[Exercise brief]
Below is a listing; retype exactly the lines between the one containing "Swingers Mix |" and the one containing "İlk maçlarının 11-13", inclusive, minus the pictures.

[Extracted information]
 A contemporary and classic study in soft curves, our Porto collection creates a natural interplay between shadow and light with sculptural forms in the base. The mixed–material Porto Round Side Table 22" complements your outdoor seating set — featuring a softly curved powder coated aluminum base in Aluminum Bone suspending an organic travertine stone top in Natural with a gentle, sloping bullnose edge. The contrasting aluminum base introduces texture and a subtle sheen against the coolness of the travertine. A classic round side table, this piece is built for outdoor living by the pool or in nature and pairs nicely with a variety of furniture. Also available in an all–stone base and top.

--

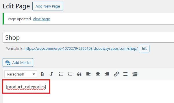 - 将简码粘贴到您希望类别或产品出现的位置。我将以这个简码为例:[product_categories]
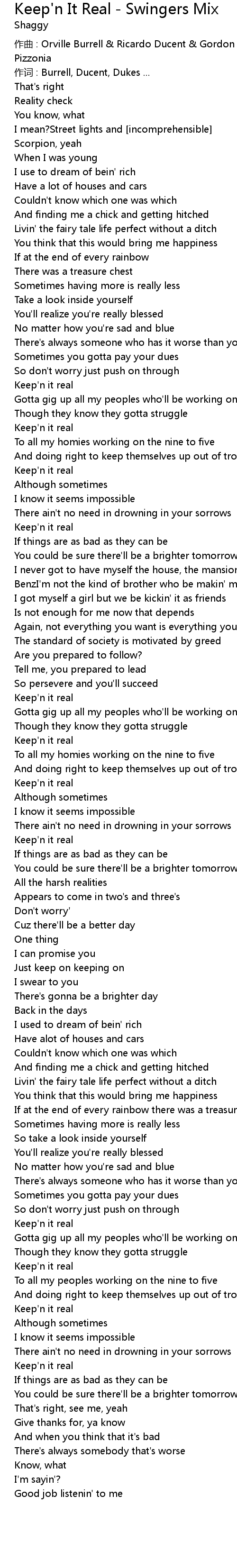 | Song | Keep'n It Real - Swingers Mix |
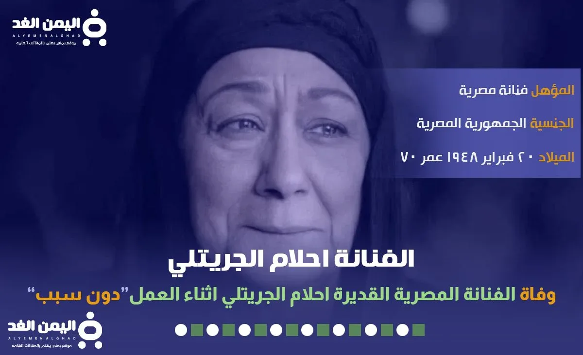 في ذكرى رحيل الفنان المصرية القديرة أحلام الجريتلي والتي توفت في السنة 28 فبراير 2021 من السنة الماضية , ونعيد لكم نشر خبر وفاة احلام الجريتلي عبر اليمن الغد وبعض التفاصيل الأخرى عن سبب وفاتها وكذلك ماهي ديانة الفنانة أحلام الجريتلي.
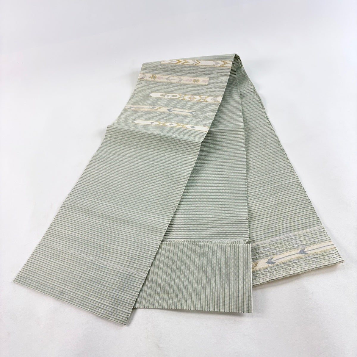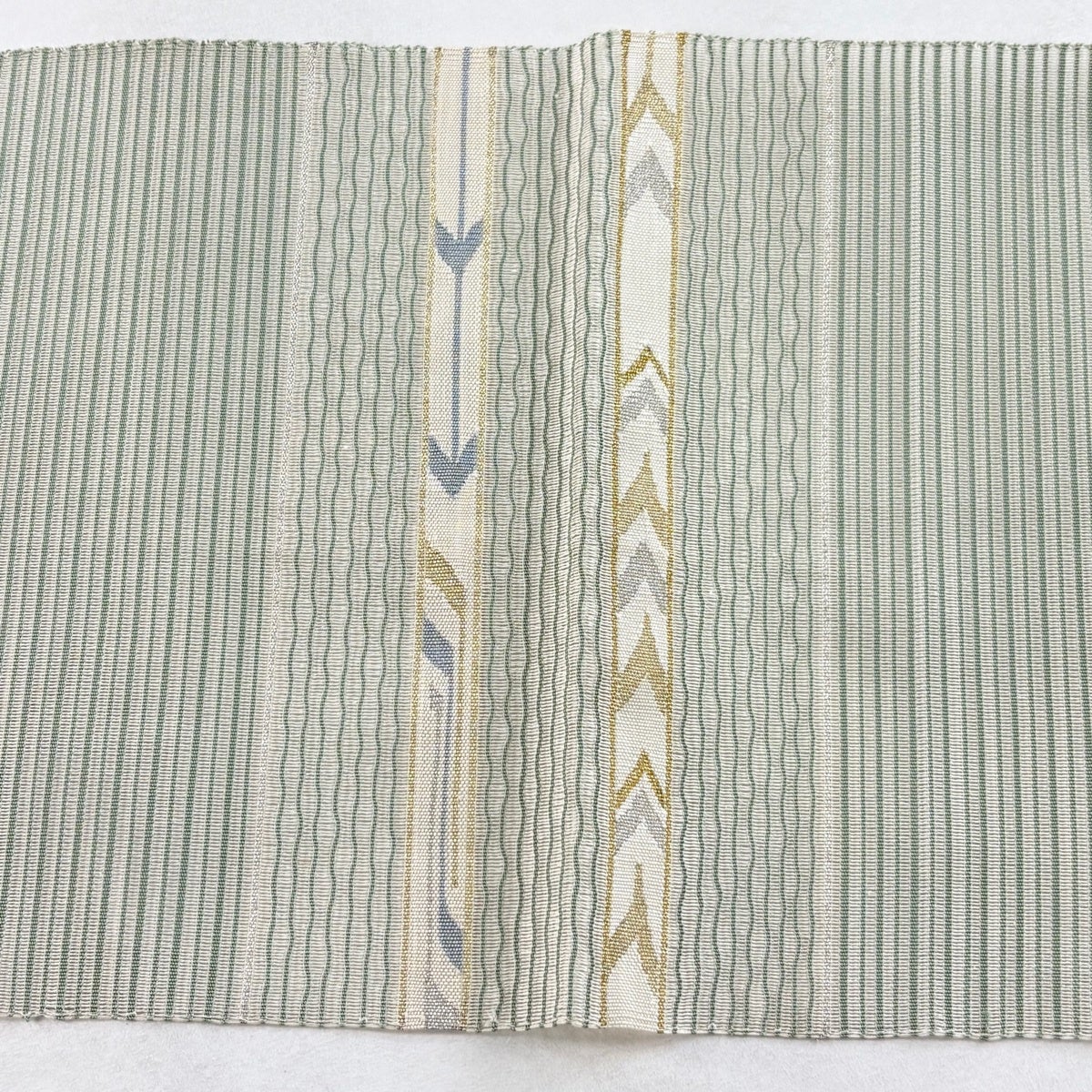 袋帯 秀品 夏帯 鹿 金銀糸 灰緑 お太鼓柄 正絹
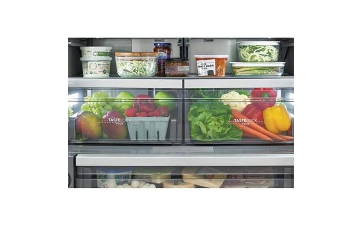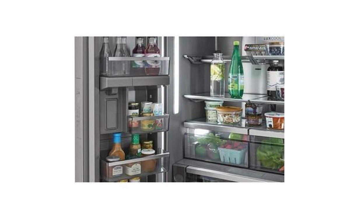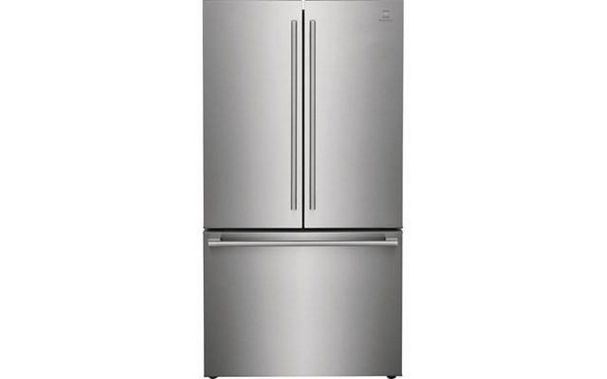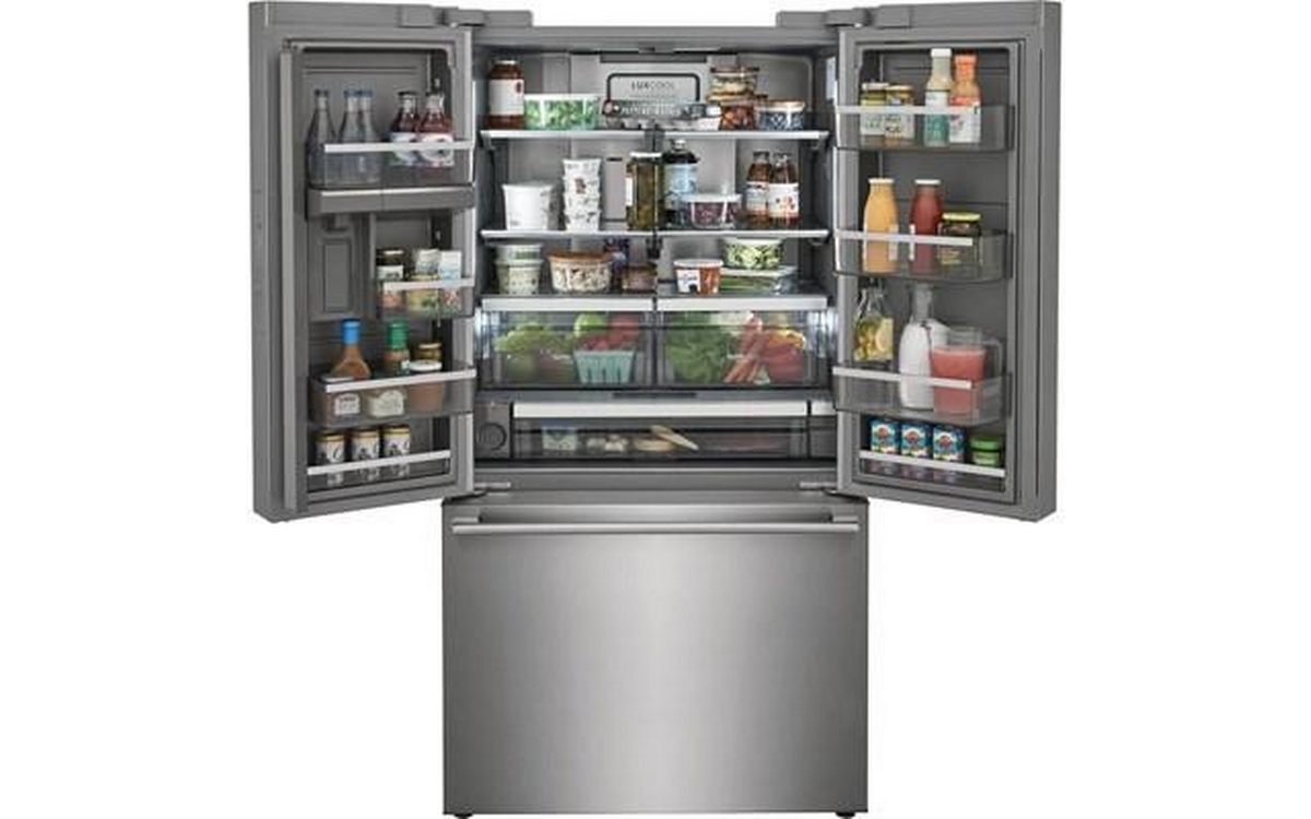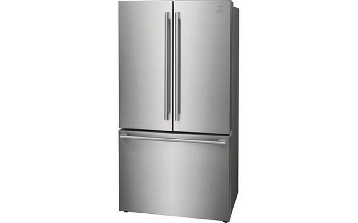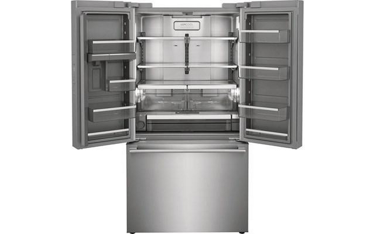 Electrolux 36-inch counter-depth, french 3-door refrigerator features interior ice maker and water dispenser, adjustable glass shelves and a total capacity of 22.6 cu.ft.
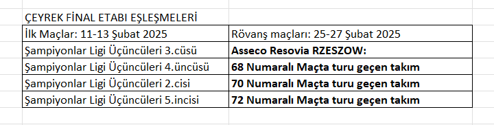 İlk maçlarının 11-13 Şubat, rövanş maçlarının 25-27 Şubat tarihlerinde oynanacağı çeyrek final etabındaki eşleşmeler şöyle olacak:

[Result below]
 | Song | Keep'n It Real - Swingers Mix |
 في ذكرى رحيل الفنان المصرية القديرة أحلام الجريتلي والتي توفت في السنة 28 فبراير 2021 من السنة الماضية , ونعيد لكم نشر خبر وفاة احلام الجريتلي عبر اليمن الغد وبعض التفاصيل الأخرى عن سبب وفاتها وكذلك ماهي ديانة الفنانة أحلام الجريتلي.
 袋帯 秀品 夏帯 鹿 金銀糸 灰緑 お太鼓柄 正絹
 Electrolux 36-inch counter-depth, french 3-door refrigerator features interior ice maker and water dispenser, adjustable glass shelves and a total capacity of 22.6 cu.ft.
 İlk maçlarının 11-13 Şubat, rövanş maçlarının 25-27 Şubat tarihlerinde oynanacağı çeyrek final etabındaki eşleşmeler şöyle olacak:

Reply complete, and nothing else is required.